The last decade showed an ongoing revolution in which electronic devices are becoming smaller and more sophisticated. Although it is easier to carry around such a device in your pocket or bag, there still remains a certain detachment between user and device. This detachment will reduce when your electronic devices become part of your daily outfit. This has led to the introduction of a new type of category: flexible electronics, in which electronic components are integrated in a stretchable medium.

MSc student: ing. Patrick Schoenmakers
Supervisors: dr. ir. Ron Peerlings & dr. ir. Olaf van der Sluis
Institutions: Philips Research Eindhoven, TU/e

A few possible mediums spring to mind, but in light of daily use, the most obvious one is textile. Conductive wires are hereby woven into the textile and electronic components on top of the fabric are connected to the wires.
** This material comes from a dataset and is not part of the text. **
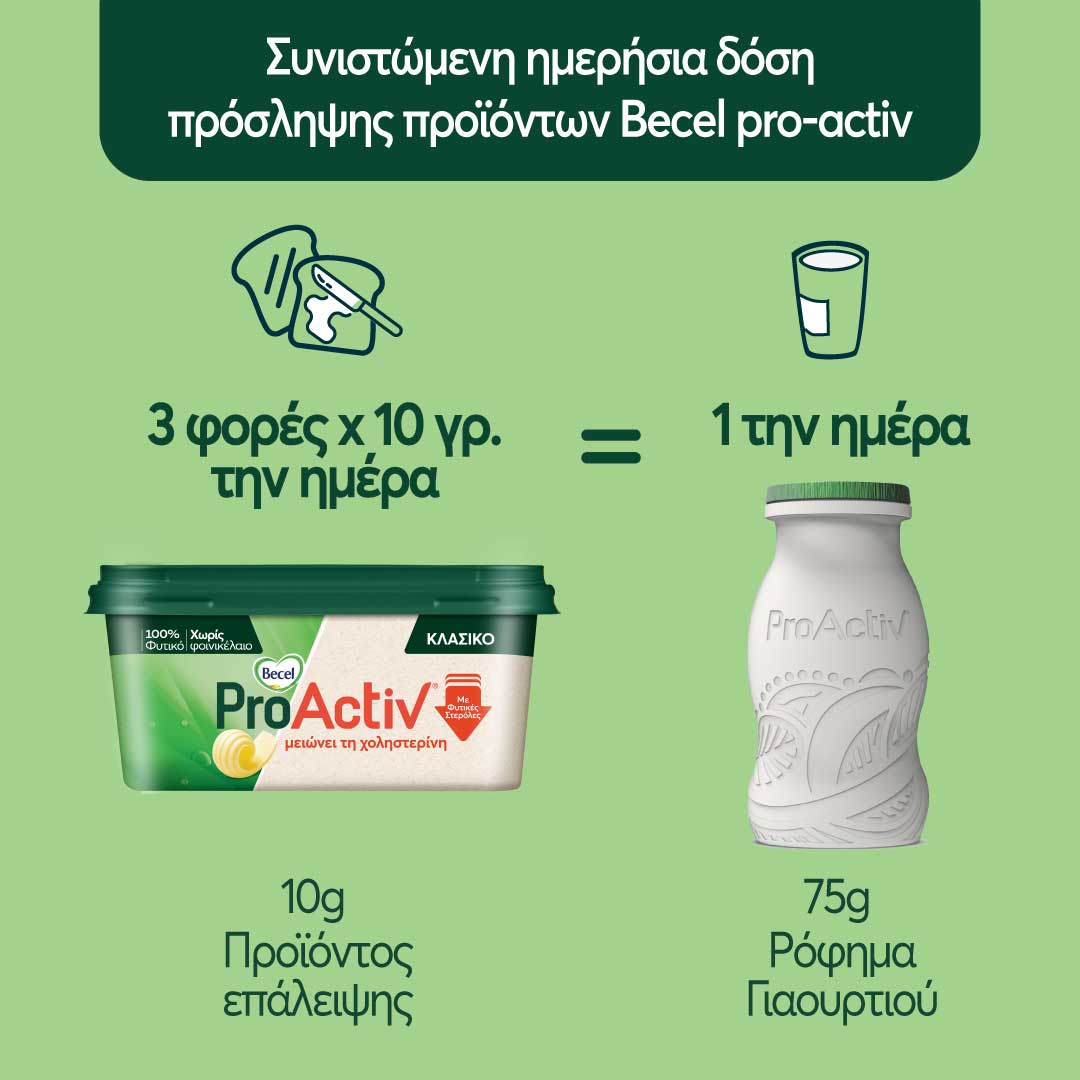 - 3 μερίδες από το προϊόν επάλειψης Becel ProActiv ή τα γαλακτοκομικά Becel ProActiv ή ένα ρόφημα γιαουρτιού Becel ProActiv την ημέρα, παρέχουν την απαραίτητη ποσότητα φυτικών στερολών για μείωση της «κακής» LDL-χοληστερίνης 7-10%, στο πλαίσιο μιας ισορροπημένης διατροφής και ενός υγιεινού τρόπου ζωής.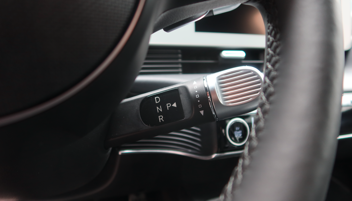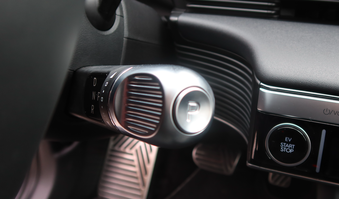 There are lots of things that I love about the Hyundai Ioniq 5's interior. I love the column-mounted shifter, for one. It's a great way to use space that would otherwise go wasted, and it's intuitive to use. You twist the silver end of the shifter stalk clockwise for drive and counter-clockwise for reverse, and you press the button at the end to put the vehicle into park.

However, due to the compliant behavior of textile in comparison with the stiffer behavior of the wires and components, stress concentrations will occur, which presumably can lead to overall failure.

The aim of this Master thesis is to characterize the mechanical behavior of the textile with the interwoven conductive wires and the applied electronic components. Here for, different (existing) numeral models (ranging from a discrete and continuum character) will be used to come up with several design rules, which will also be verified with experiments.